Share via


Grammars: Purpose and Structure

This content is no longer actively maintained. It is provided as is, for anyone who may still be using these technologies, with no warranties or claims of accuracy with regard to the most recent product version or service release.

Grammars are structures that contain single words, complex phrases, or lists of words or complex phrases. These grammar structures use Extensible Markup Language (XML) elements and plain text to attempt to match human patterns of speech. Use grammar structures to process command and control situations in which the user speaks orders, commands, responses, or requests to a speech application.

Grammars form the guidelines that the application must use to recognize orders that a user might issue to it. A grammar contains an ordered list of words or phrases that the application uses to recognize what a user says. Unless the words or phrases are defined in the grammar structure, the application cannot recognize the user's spoken commands.

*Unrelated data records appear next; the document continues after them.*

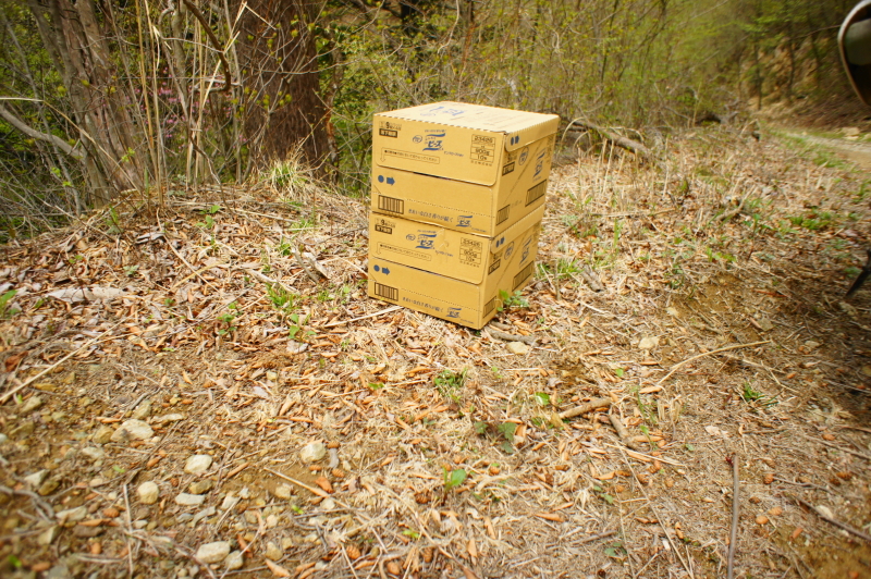 山ノ神林道に出た所に、なぜかダンボールが・・・
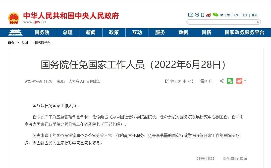免去张晓明的国务院港澳事务办公室分管日常工作的副主任职务;免去李书磊的国家行政学院分管日常工作的副院长职务;免去甄占民的国家行政学院副院长职务。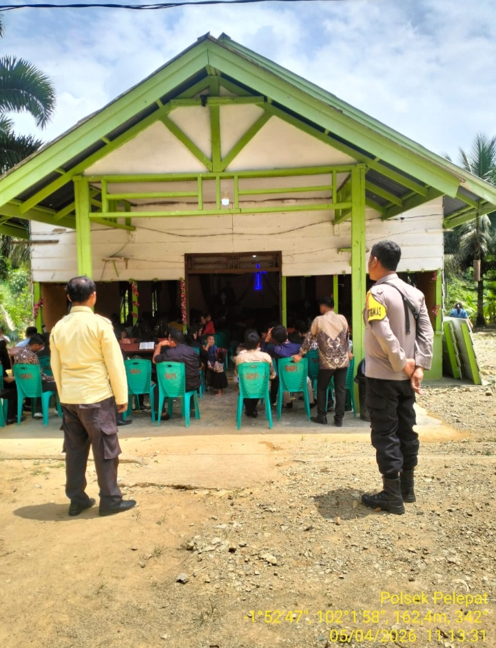 BUNGO – Personel Polsek Pelepat melaksanakan pengamanan kegiatan ibadah dalam rangka peringatan wafat Isa Almasih (Jumat Agung) sekaligus perayaan Paskah Tahun 2026 yang berlangsung di Gereja Kristen Protestan Indonesia (GKPI) PT PML Sei Sekapas, Belukar Panjang, Dusun Batu Kerbau, Kecamatan Pelepat, Minggu (5/4/2026) pukul 11.00 WIB hingga selesai.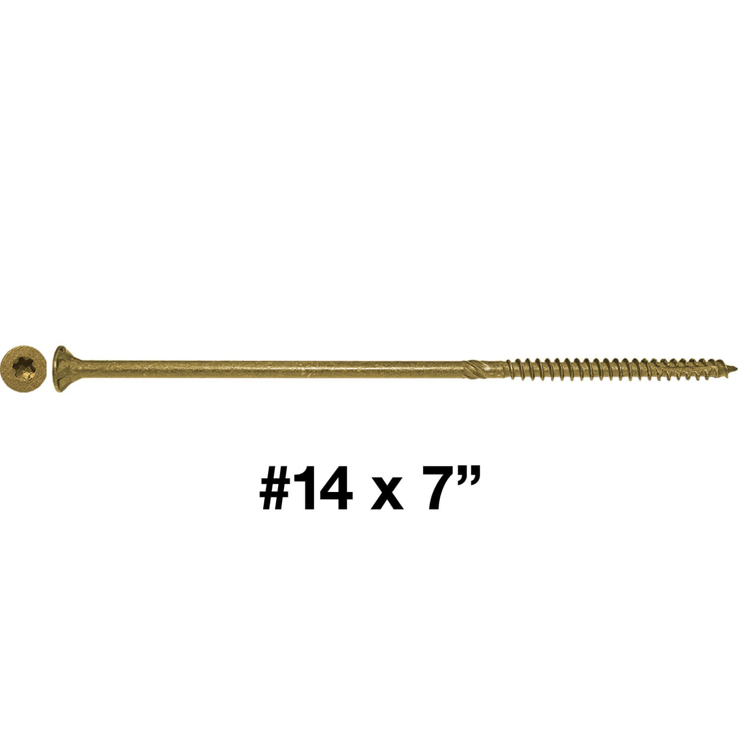 #14 Wood Screws with a .480" Diameter Torx Drive Head. Use the T30 Torx/Star Drive Bit for Installing these Quality Wood Screws. Our Bronze Torx/Star Drive Screws are an Excellent Fastener for Multipurpose Applications in Hard and Soft Woods, Chipboard, and other Tough Materials. These Bronze Exterior Coated Wood Screws are a Rugged Fastener for Professional Operations and Demanding Industries. Uses include cabinetry, framing, furniture, and other Applications. Our Wood Screws are so Strong they can even be Removed and Reused. Torx/Star Drive Wood Screw Head Provides Twice the Torque of Phillips or Square Drive Screw Heads.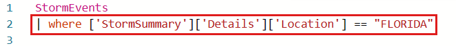 Locationcampo, annidato nelDetailscampo all'interno dell'oggetto property-bag dinamico dellaStormSummarycolonna.Selezionare l'icona a destra di JPATH per copiarla. Quindi, incollare e usare JPATH come filtro o condividerlo con altri utenti.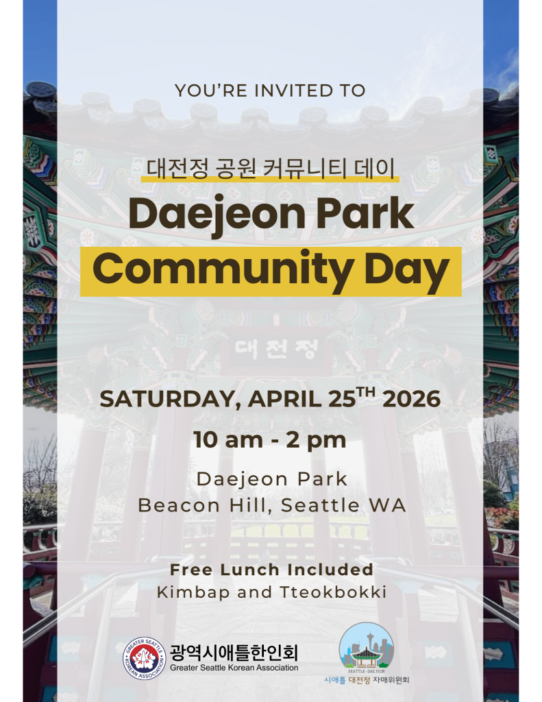 광역시애틀한인회 (회장 김원준 대전정 위원회 위원장 코리 한)는 오는 4 월 25 일 토요일 오전 10 시부터 오후 2 시까지 열리는 ‘대전정 공원 커뮤니티 데이’는 주민 교류를 넘어, 최근 제기된 공원 주변 피해 문제를 공유하고 해결 방안을 모색하는 데 초점을 맞추고 있다.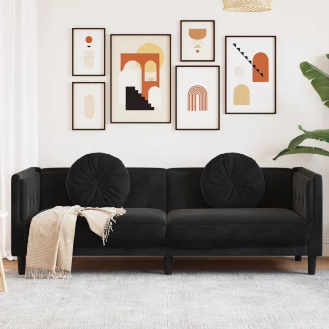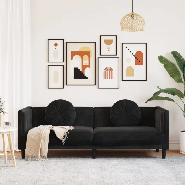 kavč - Sofa - Kanape trosed z blazinami črn žamet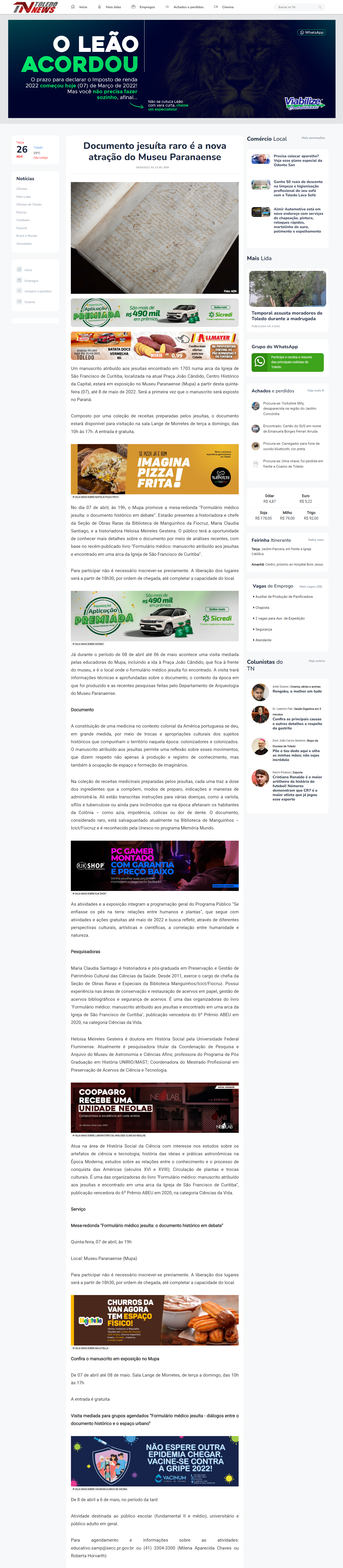 Portal Toledo News (Toledo-PR) - Historiadora do MAST participa de mesa-redonda sobre raro documento jesuíta no Museu Paranaense (MUPA)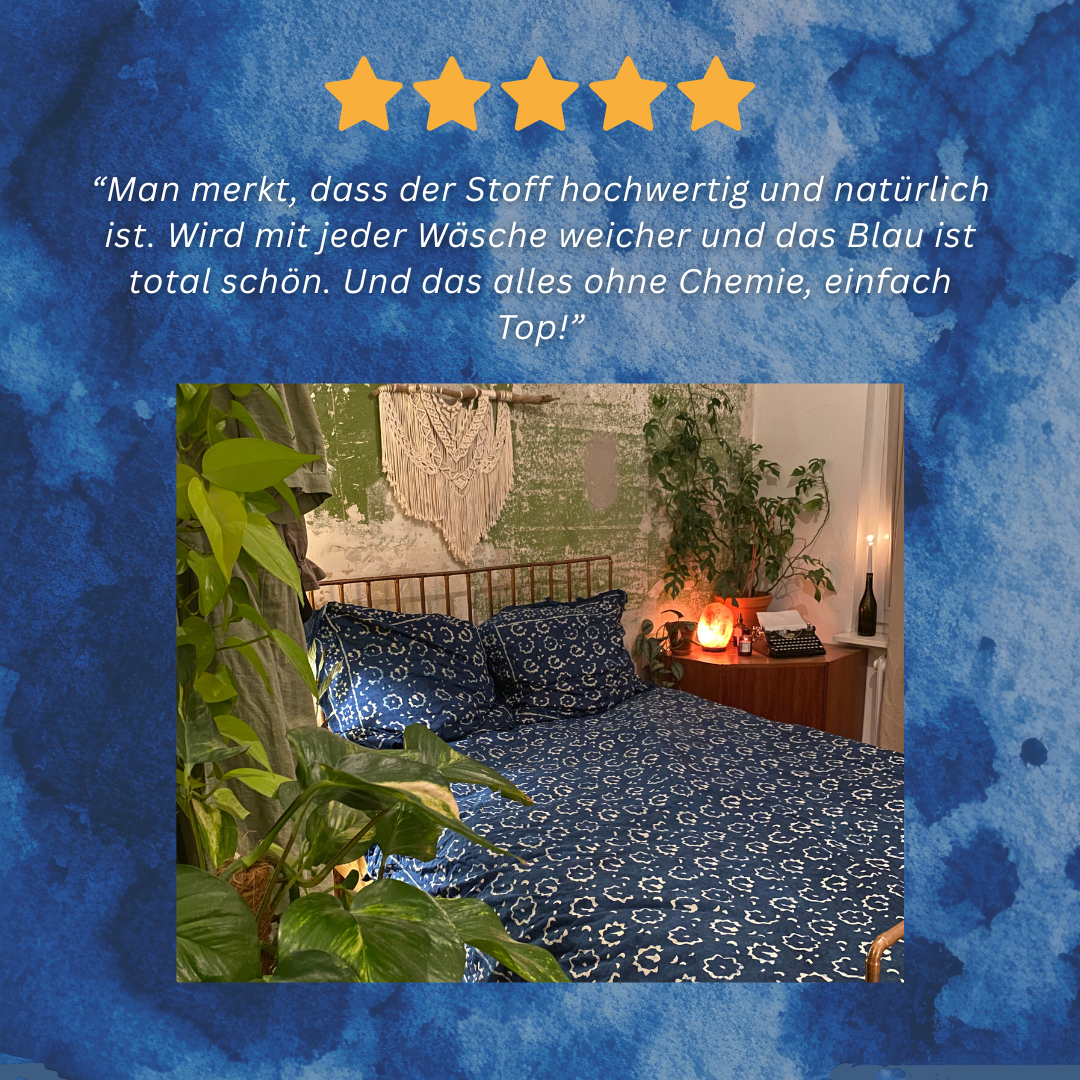 Bettwäsche Indigo Blockdruck Blume - 135x200 cm + Kissen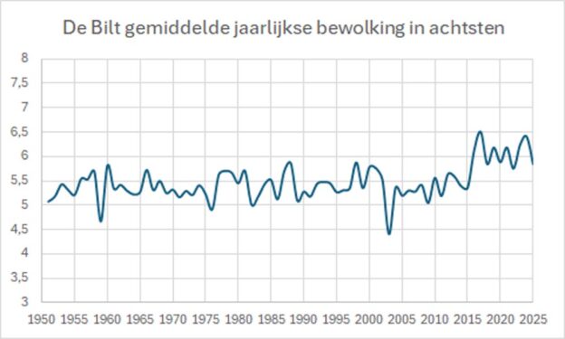 De grafiek van figuur 9 toont de gemiddelde jaarlijkse bewolkingsbedekking op basis van etmaaldata. Er zijn twee breuken te zien, namelijk 2002-2003 en 2015-2017. De eerste breuk was het gevolg van de overstap van visuele naar automatische waarnemingen. De tweede breuk rond 2015–2016 in De Bilt komt vrijwel zeker door de vervanging van de ceilometer (wolkenhoogtemeter) in het meetnet van het KNMI. Die breuken zijn niet gecorrigeerd, daarom is deze tijdreeks ongeschikt  om uitspraken te doen over veranderingen in wolkbedekking.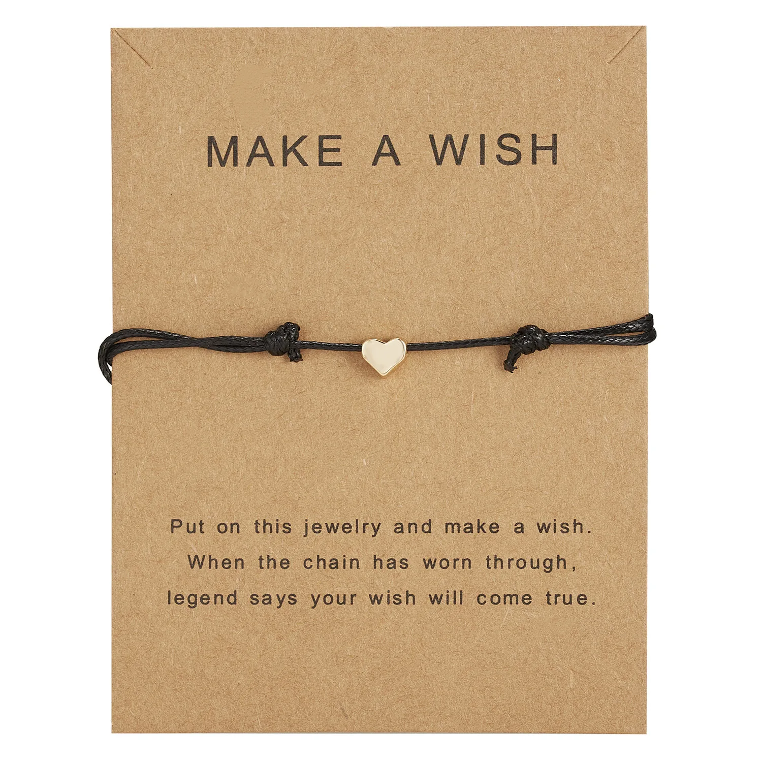 Браслет плетеный с черной веревкой для женщин и мужчин, изящные украшения с сердечками, открытки с пожеланиями дружбы, Подарочная Прямая поставка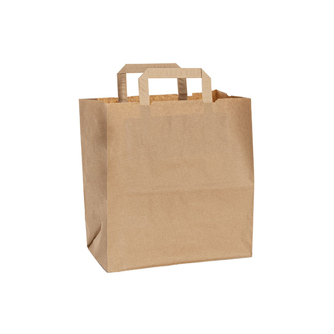 Large Brown Kraft Paper Bag features flat paper sturdy handle. Made from 70gsm kraft paper which has high elasticity and high tear resistance, designed for packaging products with high demands for strength and durability. Sits up on counter for easy packing. Can hold up to 10kg. Available in a pack of 10.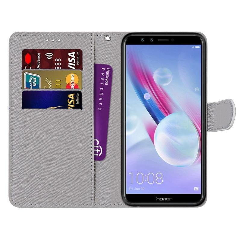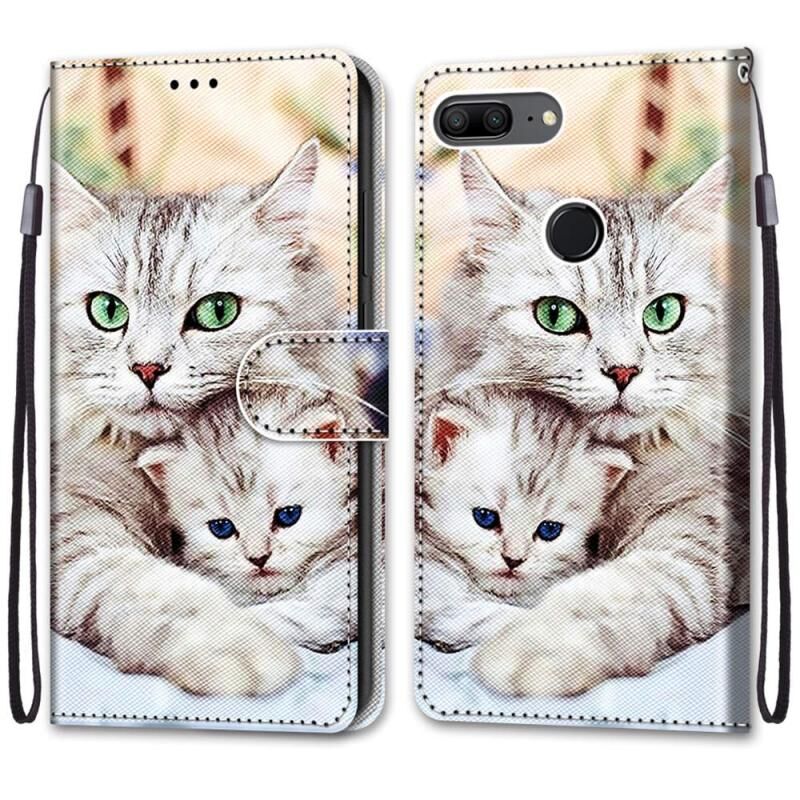 Θήκη Huawei Honor 9 Lite με πολύχρωμο σχέδιο, υφή σταυρού, οριζόντια αναδίπλωση από δερματίνη PU με βάση στήριξης, θήκες για κάρτες, πορτοφόλι & λουρί (Μεγάλη γάτα που κρατάει γατάκι)

A very simple application can limit spoken commands to single words, such as Open or Print. In this case, a grammar is not much more than a list of words. However, many applications require more complex commands or sentences. The user experience demands that speech with computers approach a natural, spoken language level, so users can speak in normal and natural sounding sentences. For example, a ticket ordering application must accept "I want to order two tickets for the 10 P.M. show." This application must also recognize and respond to variations of the same phrase; "I want to buy," "I'd like to buy," or even the more impolite "gimme two tickets."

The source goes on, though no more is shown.